Since it's fairly complex, we'll define the element of our funciton
as a macro:
*/
__#define__ MAP_BIT(input, output_bit, input_bit) \
( ( input_bit > output_bit)? \
/* right shift required */ \
((input & (1<<input_bit)) >> (input_bit - output_bit) ) : \
/* left shift rquired */ \
((input & (1<<input_bit)) << (output_bit - input_bit) ) )
/* Now, again define the output in terms of the input... */
**return**
MAP_BIT(input, 0, 4) |
MAP_BIT(input, 1, 6) |
MAP_BIT(input, 2, 5) |
MAP_BIT(input, 3, 1) |
MAP_BIT(input, 4, 3) |
MAP_BIT(input, 5, 2) |
MAP_BIT(input, 6, 7) |
MAP_BIT(input, 7, 0);
/* It should be noted that this method is only efficient because the
indices are constant; if these were variable, there'd be a lot of
extra calculation required (which the compiler will do at compile
time for constants).
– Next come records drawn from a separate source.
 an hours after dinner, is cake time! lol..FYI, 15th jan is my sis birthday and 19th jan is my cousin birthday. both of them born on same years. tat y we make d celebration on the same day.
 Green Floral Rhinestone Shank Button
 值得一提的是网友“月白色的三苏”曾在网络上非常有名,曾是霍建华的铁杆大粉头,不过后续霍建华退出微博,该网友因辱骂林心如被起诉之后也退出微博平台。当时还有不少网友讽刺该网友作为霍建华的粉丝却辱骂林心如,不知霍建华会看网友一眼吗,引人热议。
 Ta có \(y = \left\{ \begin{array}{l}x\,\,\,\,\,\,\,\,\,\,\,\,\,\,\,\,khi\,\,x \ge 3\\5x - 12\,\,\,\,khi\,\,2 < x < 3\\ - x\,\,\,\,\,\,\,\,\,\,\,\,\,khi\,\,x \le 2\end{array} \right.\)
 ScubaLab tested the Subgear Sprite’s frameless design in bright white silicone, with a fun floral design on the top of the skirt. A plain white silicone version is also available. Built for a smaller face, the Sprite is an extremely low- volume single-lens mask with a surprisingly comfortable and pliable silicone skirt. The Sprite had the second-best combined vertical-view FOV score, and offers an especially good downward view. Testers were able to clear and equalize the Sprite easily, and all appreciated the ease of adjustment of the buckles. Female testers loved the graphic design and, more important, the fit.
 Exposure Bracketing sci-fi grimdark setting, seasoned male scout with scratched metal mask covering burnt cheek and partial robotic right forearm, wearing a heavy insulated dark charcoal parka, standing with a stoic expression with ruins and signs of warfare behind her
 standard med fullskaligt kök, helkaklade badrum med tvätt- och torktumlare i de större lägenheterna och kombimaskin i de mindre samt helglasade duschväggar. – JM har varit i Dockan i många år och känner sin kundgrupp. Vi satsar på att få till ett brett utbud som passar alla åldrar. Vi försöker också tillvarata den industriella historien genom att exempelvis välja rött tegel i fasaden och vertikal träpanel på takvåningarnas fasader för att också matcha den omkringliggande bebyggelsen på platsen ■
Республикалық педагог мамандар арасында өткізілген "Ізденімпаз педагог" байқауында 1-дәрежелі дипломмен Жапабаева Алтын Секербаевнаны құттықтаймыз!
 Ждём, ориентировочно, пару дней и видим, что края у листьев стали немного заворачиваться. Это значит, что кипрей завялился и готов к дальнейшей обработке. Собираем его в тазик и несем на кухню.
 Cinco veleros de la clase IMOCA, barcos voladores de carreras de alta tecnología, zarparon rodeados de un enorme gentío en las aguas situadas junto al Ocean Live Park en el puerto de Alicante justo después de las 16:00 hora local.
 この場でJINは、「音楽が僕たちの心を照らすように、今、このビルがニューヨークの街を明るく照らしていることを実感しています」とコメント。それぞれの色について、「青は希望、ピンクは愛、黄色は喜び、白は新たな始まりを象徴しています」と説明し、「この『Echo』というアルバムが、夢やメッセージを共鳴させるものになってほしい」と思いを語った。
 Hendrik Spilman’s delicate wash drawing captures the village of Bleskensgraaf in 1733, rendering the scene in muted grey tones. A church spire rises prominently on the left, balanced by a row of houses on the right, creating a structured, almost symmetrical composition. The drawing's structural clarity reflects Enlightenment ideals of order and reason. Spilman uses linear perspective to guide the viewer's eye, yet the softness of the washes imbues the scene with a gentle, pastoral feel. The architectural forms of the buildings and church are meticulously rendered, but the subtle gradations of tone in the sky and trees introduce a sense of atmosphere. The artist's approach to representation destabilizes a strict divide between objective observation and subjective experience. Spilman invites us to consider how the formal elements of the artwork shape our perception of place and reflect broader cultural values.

The 'obvious' method mentioned above will
be more effective in those situations.
Also, on ARM, the implementation given by sydnius above is likely
to be more efficient, since each bit's operations will probably be
reduced to simply:
TEQ rInput, #(1<<input_bit)
ORRNE rOutput, #(1<<output_bit)
*/
}

A quick timing analysis on a 475MHz AMD K6-II, using gcc -O4, running each algorithm
over an array of 512 random 8-bit values (to enure most memory operations hit cache), repeated 3 times, gives:

- Baseline comparison (identity function): 0m0.220s (0s vs. baseline)
- BitTwiddle: 0m5.630s (5.410 vs. baseline)
- BitTwiddle2: 0m3.180s (2.960 vs. baseline)

Giving figures for BitTwiddle of 5.410, and BitTwiddle2 of 2.960; a ratio of 1.827 in times, making BitTwiddle2 82.7% faster than BitTwiddle. If this was a performance critical function, that's a pretty significant saving.

An Athlon 2400 XP gets times of 0.111, 2.521 and 1.641, giving baseline times of 0s, 2.410s and 1.530s, making it 57.5% faster.

A PowerPC G4/1GHz gives figures of 0.33s, 4.01s and 1.46s, giving baseline times of 0s, 3.68s and 1.13s, making it 3.2 times as fast.

A look at the code generated for x86 and for PowerPC shows the reason for the comparatively lower performance increase of the Athlon and K6 when compared to the PowerPC. The x86 and PowerPC code for the original function are very similar, comparisons and branches. However, the x86 code for BitTwiddle2 contains almost as many instructions as for BitTwiddle, due to the requirement that shift indices must be stored in the CX register. This necessitates a lot of register shuffling, and also forces the execution to be serialised on dependencies around that register, narrowing the amount of instruction level parallelism that the CPU can exploit effectively.